When we were planning the move, I was so
excited that after so many years, I'd have a chance to resume the friendship part of my
relationship with my MOM-in law. I anticipated shopping and lunch out like days of
old, but with no baby wipes. Being a mere 10 minutes away by car, she would probably
just pop in frequently to spend time with us,or bring over homemade bread or a pot of bean
soup and corn bread, at least until she built her net work of church friends, card playing
and dancing buddies at the retirement community. Her family really thought that this
was Mom's best solution for continuing to have her independent life and still not have as
many responsibilities on her shoulders. If, at some time in the distant future, she
no longer wanted to maintain and drive a car, there would be lots of family to drive her
to do errands and, of course, the retirement community buses ran at all times to grocery
stores, shopping malls and the church, so she really wouldn't ever feel like she had to
rely on us, if she didn't "want to burden us."
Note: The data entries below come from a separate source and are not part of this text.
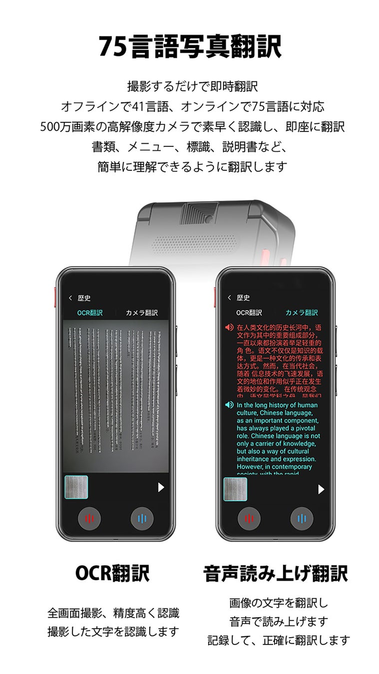 VORMORデュアルスクリーン翻訳機で、画像内のテキストの意味を解読。75言語のオンライン対応と41言語のオフライン対応で、写真翻訳もスムーズに行えます。
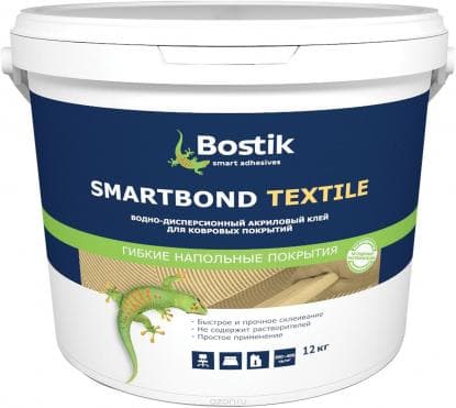SMARTBOND TEXTILE - водно-дисперсионный акриловый клей для ковровых покрытий с высокой начальной и конечной клеящей способностью. Предназначен для укладки гибких текстильных напольных покрытий: иглопробивных покрытий с основой или без, ковровых покрытий со вспененной или полиэстровой основой, ковровых синтетических покрытий «Action Вас». Может использоваться для укладки бытового ПВХ линолеума. Предназначен для использования внутри помещения по впитывающим минеральным основаниям. Не рекомендуется для укладки натурального линолеума.
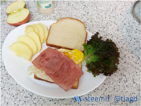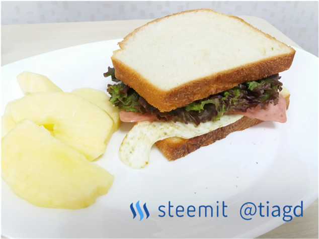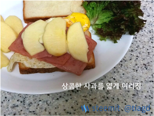 아침 샌드위치가 텁텁(?)해서 사과를 넣어봤어요. 의외로 괜찮아요!
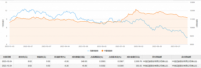10月24日大宗交易成交393.69万股,成交额3393.59万元,占当日总成交额的30.2%,成交价8.62元,较市场收盘价折价9.26%。
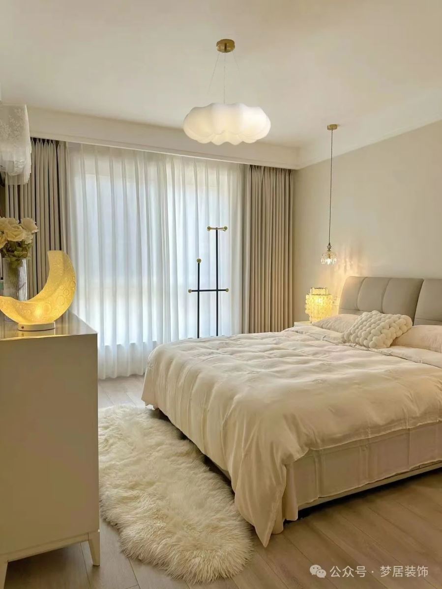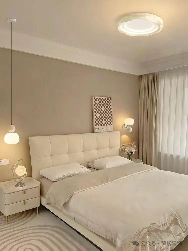 建議:盡量保持床正上方的空間空曠干凈,安裝燈具可以選擇吸頂燈,簡(jiǎn)約大方;或者采用無(wú)主燈設(shè)計(jì),搭配床頭小吊燈,會(huì)更有氛圍感;如果要選擇吊燈盡量選擇輕盈一些的裝飾燈。

The first days we were together, when we drove up to help with
the packing and moving, Mom seemed upset most of the time, disoriented, almost angry with
us, as we tried to help her sort through 25 years of home making, linens, kitchen
equipment galore...She had been living in a three bedroom house, with garage and storage
space for too many years and the attempt to pare down to a one bedroom apartment with a
small efficiency kitchen and a storage bin about 4 ft by 3 ft by 3 ft.----Well, This move
is hard enough on her. (we thought) Just go ahead and pack what she can't stand to part
with and she will make the adjustment on he own, once she is moved in.---- It will be
better once she can settle into the apartment she had chosen, get her own furniture and
things around her again---- Why does she seems so confused? Maybe we should check with her
new doctor about why she still is experiencing so much pain in her neck from the hard bump
on her head that she suffered last spring.
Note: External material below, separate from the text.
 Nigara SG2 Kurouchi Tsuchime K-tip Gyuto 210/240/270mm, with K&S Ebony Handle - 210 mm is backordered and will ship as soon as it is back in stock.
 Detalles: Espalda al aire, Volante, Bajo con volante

Her doctor said after some extensive tests, that she had injured
a vertebra at the top of her spine. Once that is healed, the pain will subside and
otherwise her health is very good for a woman of 78, is what we were told.
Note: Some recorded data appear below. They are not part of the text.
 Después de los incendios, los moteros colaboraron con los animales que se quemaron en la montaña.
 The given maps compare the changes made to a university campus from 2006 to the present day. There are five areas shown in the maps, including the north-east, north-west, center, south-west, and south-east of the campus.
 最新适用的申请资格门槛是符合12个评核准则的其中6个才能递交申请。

I need to go ahead and let
the other shoe drop in this account and explain why I titled the piece "the way she
was". Sadly and undeniably, our MOM is a victim of Alzheimer disease. The
beautiful, cheerful, go-getter who loves God and her faith, who adores her family and
would do anything to help out her friends, who traveled many thousands of miles to
destinations as divergent as a cruise in Alaska, sight-seeing trips to Germany and France,
camping trips too numerous to count all over the U.S. and parts of Canada, who loves
purple and can't resist buying any item of clothing in that color range, is nearly
gone except in the memories of her devastated children, grandchildren, brothers and
sisters and her old friends.
I could tell all the details leading up to this diagnosis. I could tell of our
worried discussions with staff; our experiences in witnessing little signs of
decline...she forgot to eat...she didn't remember how to get home from the store...did she
take her medication...is she missing dosages or taking too many?; of one way
conversations, with little or no comprehension on Phyllis' part; of her older son taking
her car keys from her and all of us having to endure her anger and confusion regarding how
this came about; and ultimately of her family's decision to move her, without even
consulting her, from her "independent living" apartment to the Alzheimer unit
behind locked doors. I would fill pages and pages and nothing would make these last
two years any easier to understand or accept.
Rather, I want to give voice to my admiration for this
extraordinary woman. Known in the most "ordinary" circumstances of just an
everyday life. I cherish my memories of this lovely, vital, fun
lady................And I'll keep in mind, always, MOM as she used to be.